Red roses were her favorites. Her name was also Rose.
Every year her husband sent them, tied with pretty bows.
The year he died, the roses were delivered to her door.
The card said, “Be my Valentine,” like all the years before.

Each year he sent her roses, and the note would always say,
“I love you even more this year, than last year on this day.
My love for you will always grow, with every passing year.”
She knew this was the last time that the roses would appear.

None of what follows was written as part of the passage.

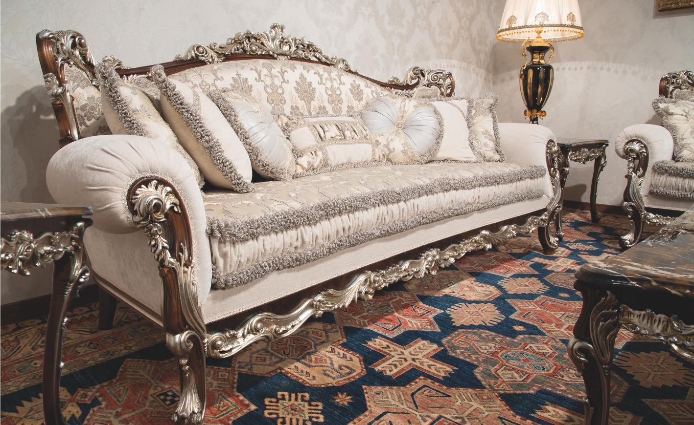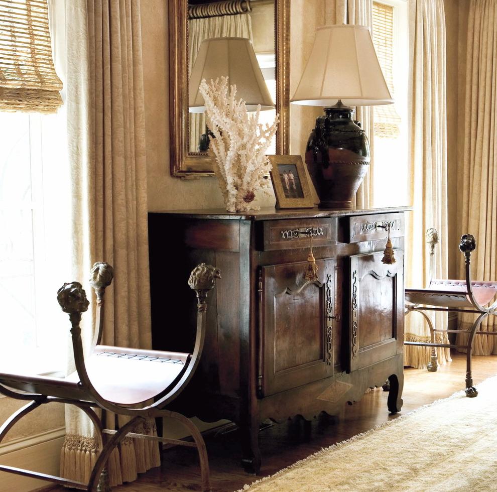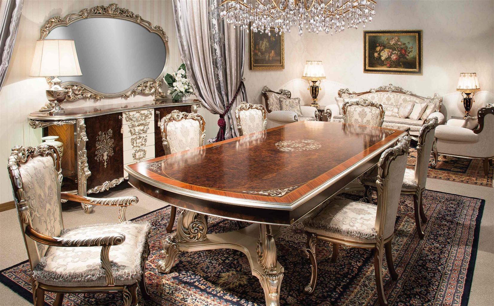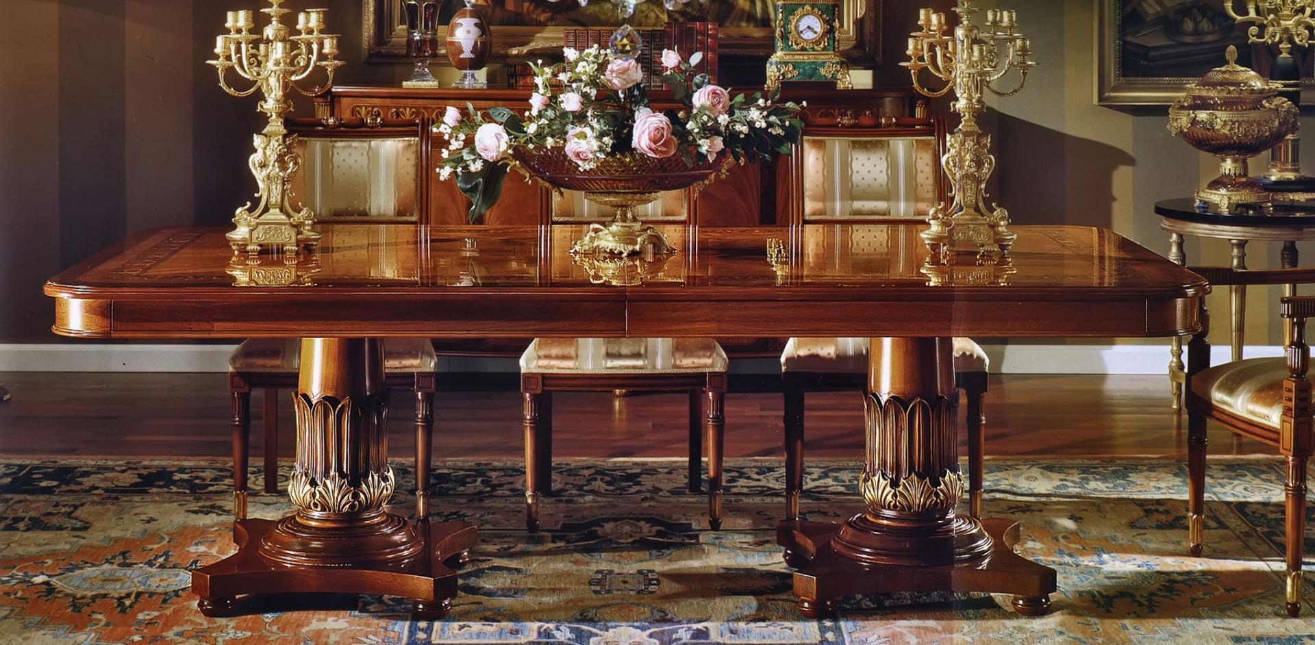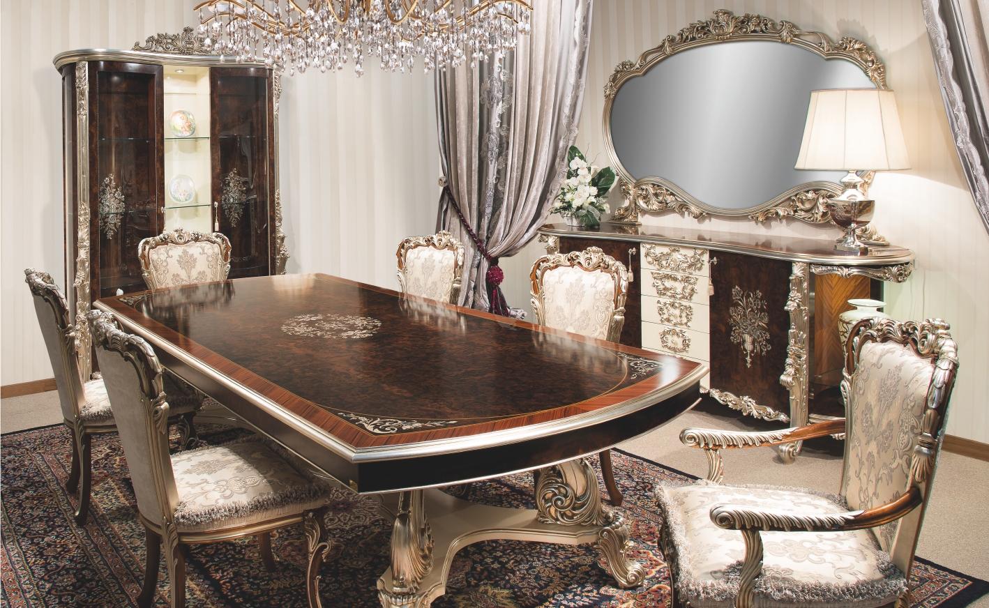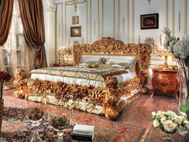 - Мебель преимущественно из дерева красного или темных тонов с богатым резным декором.

She thought, he ordered roses in advance before this day.
Her loving husband did not know that he would pass away.
He always liked to do things early, way before the time.
Then, if he got too busy, everything would work out fine.

She cut the stems, and placed them in a very special vase.
Then, placed the vase beside the portrait of his smiling face.
She would sit for hours, in her husband’s favorite chair.
While staring at his picture, and looking at the roses there.

A year went by, and it was hard to live without her mate.
With loneliness and solitude, that had become her fate.
Then, the very hour, as on Valentines before.
The doorbell rang, and there were roses, sitting by her door.

She brought the roses in, and then just looked at them in shock.
Then, went to get the telephone, to call the florist shop.
The owner answered, and she asked him, if he would explain,
Why would someone do this to her, causing her such pain?

“I know your husband passed away, more than a year ago,”
The owner said, “I knew you would call, and you would want to know.
“The flowers you received today, were paid for in advance.
Your husband always planned ahead, he left nothing to chance.”

“There is a standing order, which I have on file down here,
and he has paid, well in advance, you will get the roses every year.
There also is another thing, which I think you should know,
He wrote a special little card…he did this many years ago.

Then, should ever, I find out that he is no longer here,
That is the card…that should be sent, to you the following year.”
She thanked him and hung up the phone, her tears was now flowing hard.
Her fingers were shaking, as she slowly reached to get the card.

Inside the card, she saw that he had written her a note.
Then, as she stared in total silence, this is what he wrote…
“Hello my love, I know it is been a year since I have been gone,
I hope it has not been too hard for you to overcome.

I know it must be lonely, and the pain is very real.
For if it was the other way, I know how I would feel.
The love we shared made everything so beautiful in life.
I loved you more than words could say, you were the perfect wife.

You were my friend and lover, you fulfilled my every need.
I know it is only been a year, but please try not to grieve.
I want you to be happy, even when you shed your tears.
That is why the roses will be sent to you for years.

When you get these roses, think of all the happiness,
that we had together, and how both of us were blessed.
I have always loved you and I know I always will.
However, my love, you must go on, you have some living still.

Please… try to find happiness, while living out your days.
I know it is not easy, but I hope you find some ways.
The roses will come every year, and they will only stop,
when your door is not answered, when the florist stops to knock.

He will come five times that day, in case you have gone out.
But after his last visit, he will know without a doubt,
to take the roses to the place, where I have instructed him,
and place the roses where we are, together once again.”